[Dataset records]
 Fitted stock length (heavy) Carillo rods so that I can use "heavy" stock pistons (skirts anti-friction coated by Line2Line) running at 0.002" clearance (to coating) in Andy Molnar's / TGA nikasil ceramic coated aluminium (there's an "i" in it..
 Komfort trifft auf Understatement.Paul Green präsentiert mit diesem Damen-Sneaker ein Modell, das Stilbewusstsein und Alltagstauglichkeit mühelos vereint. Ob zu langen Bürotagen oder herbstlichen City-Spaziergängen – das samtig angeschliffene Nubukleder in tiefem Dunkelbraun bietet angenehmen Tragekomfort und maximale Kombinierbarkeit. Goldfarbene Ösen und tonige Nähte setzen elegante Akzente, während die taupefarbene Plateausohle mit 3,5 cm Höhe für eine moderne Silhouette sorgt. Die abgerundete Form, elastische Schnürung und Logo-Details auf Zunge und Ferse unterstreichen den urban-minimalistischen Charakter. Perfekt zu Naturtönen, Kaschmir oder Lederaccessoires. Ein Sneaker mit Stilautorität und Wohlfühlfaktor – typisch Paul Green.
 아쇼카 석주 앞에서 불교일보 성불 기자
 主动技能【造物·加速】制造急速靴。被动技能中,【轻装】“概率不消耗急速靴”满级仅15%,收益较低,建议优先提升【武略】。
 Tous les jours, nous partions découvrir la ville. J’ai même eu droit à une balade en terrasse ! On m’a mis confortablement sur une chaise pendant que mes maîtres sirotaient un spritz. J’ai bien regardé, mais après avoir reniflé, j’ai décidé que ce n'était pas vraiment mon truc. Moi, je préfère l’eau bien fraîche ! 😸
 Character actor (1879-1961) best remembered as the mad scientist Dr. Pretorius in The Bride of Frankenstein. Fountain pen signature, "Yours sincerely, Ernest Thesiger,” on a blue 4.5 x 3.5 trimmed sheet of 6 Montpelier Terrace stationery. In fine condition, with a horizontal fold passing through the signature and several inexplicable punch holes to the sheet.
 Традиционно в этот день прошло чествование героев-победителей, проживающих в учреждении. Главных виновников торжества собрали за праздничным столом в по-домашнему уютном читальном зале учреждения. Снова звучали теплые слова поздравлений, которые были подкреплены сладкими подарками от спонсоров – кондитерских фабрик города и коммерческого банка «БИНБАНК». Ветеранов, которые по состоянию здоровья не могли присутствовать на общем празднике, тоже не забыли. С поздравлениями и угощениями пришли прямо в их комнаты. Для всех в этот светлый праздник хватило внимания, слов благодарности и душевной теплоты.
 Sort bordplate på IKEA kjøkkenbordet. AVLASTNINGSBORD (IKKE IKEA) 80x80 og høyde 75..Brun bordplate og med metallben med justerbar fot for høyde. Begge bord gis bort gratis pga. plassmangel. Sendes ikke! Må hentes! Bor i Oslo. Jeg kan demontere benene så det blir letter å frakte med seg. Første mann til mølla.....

§ Problem details: Your answer should be the lines above, from the line containing "아쇼카 석주 앞에서 불교일보 성불 기자" up to and including the line containing "Tous les jours, nous", reproduced exactly and with nothing else.

§ Solution below:
 아쇼카 석주 앞에서 불교일보 성불 기자
 主动技能【造物·加速】制造急速靴。被动技能中,【轻装】“概率不消耗急速靴”满级仅15%,收益较低,建议优先提升【武略】。
 Tous les jours, nous partions découvrir la ville. J’ai même eu droit à une balade en terrasse ! On m’a mis confortablement sur une chaise pendant que mes maîtres sirotaient un spritz. J’ai bien regardé, mais après avoir reniflé, j’ai décidé que ce n'était pas vraiment mon truc. Moi, je préfère l’eau bien fraîche ! 😸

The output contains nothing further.